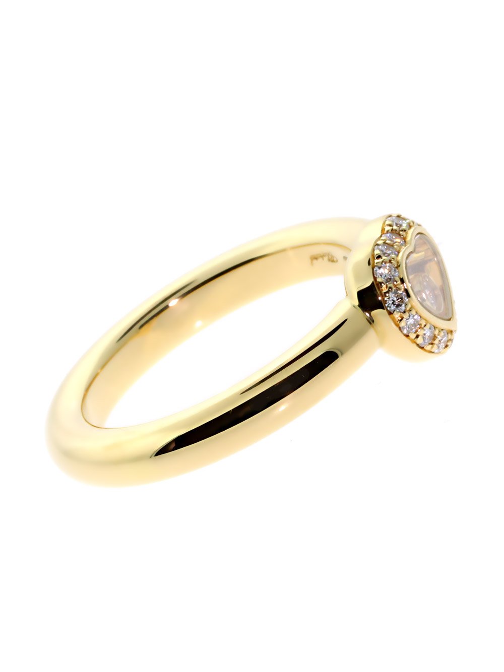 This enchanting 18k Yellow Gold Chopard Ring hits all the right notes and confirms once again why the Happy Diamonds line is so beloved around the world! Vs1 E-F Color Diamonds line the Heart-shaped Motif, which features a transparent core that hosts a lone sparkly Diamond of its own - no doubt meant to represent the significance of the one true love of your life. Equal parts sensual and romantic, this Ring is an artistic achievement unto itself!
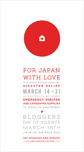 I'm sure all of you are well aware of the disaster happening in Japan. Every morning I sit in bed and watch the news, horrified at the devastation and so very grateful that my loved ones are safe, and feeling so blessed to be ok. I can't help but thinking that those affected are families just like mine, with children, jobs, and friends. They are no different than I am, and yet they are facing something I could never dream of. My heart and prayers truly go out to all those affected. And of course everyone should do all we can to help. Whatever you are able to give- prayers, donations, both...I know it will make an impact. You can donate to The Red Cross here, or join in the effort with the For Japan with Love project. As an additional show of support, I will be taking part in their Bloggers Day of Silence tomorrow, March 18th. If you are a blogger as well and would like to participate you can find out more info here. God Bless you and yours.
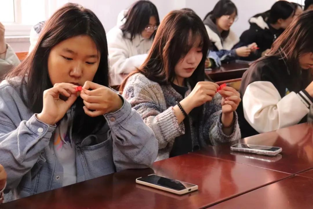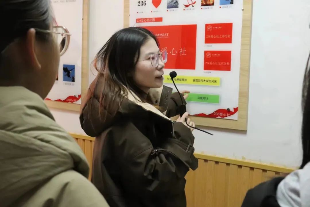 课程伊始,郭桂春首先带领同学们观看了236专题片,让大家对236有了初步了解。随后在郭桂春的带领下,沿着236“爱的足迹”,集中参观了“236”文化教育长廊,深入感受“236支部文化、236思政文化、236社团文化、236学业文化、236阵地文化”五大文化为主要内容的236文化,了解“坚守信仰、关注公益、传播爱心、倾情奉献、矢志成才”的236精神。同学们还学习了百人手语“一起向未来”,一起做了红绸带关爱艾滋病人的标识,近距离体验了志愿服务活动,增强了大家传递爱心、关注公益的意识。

* _WORK INSTRUCTIONS_:
Omit the pictures and repeat the rest of the listing verbatim.

* _WRITTEN RESPONSE_:
 This enchanting 18k Yellow Gold Chopard Ring hits all the right notes and confirms once again why the Happy Diamonds line is so beloved around the world! Vs1 E-F Color Diamonds line the Heart-shaped Motif, which features a transparent core that hosts a lone sparkly Diamond of its own - no doubt meant to represent the significance of the one true love of your life. Equal parts sensual and romantic, this Ring is an artistic achievement unto itself!
 I'm sure all of you are well aware of the disaster happening in Japan. Every morning I sit in bed and watch the news, horrified at the devastation and so very grateful that my loved ones are safe, and feeling so blessed to be ok. I can't help but thinking that those affected are families just like mine, with children, jobs, and friends. They are no different than I am, and yet they are facing something I could never dream of. My heart and prayers truly go out to all those affected. And of course everyone should do all we can to help. Whatever you are able to give- prayers, donations, both...I know it will make an impact. You can donate to The Red Cross here, or join in the effort with the For Japan with Love project. As an additional show of support, I will be taking part in their Bloggers Day of Silence tomorrow, March 18th. If you are a blogger as well and would like to participate you can find out more info here. God Bless you and yours.
 课程伊始,郭桂春首先带领同学们观看了236专题片,让大家对236有了初步了解。随后在郭桂春的带领下,沿着236“爱的足迹”,集中参观了“236”文化教育长廊,深入感受“236支部文化、236思政文化、236社团文化、236学业文化、236阵地文化”五大文化为主要内容的236文化,了解“坚守信仰、关注公益、传播爱心、倾情奉献、矢志成才”的236精神。同学们还学习了百人手语“一起向未来”,一起做了红绸带关爱艾滋病人的标识,近距离体验了志愿服务活动,增强了大家传递爱心、关注公益的意识。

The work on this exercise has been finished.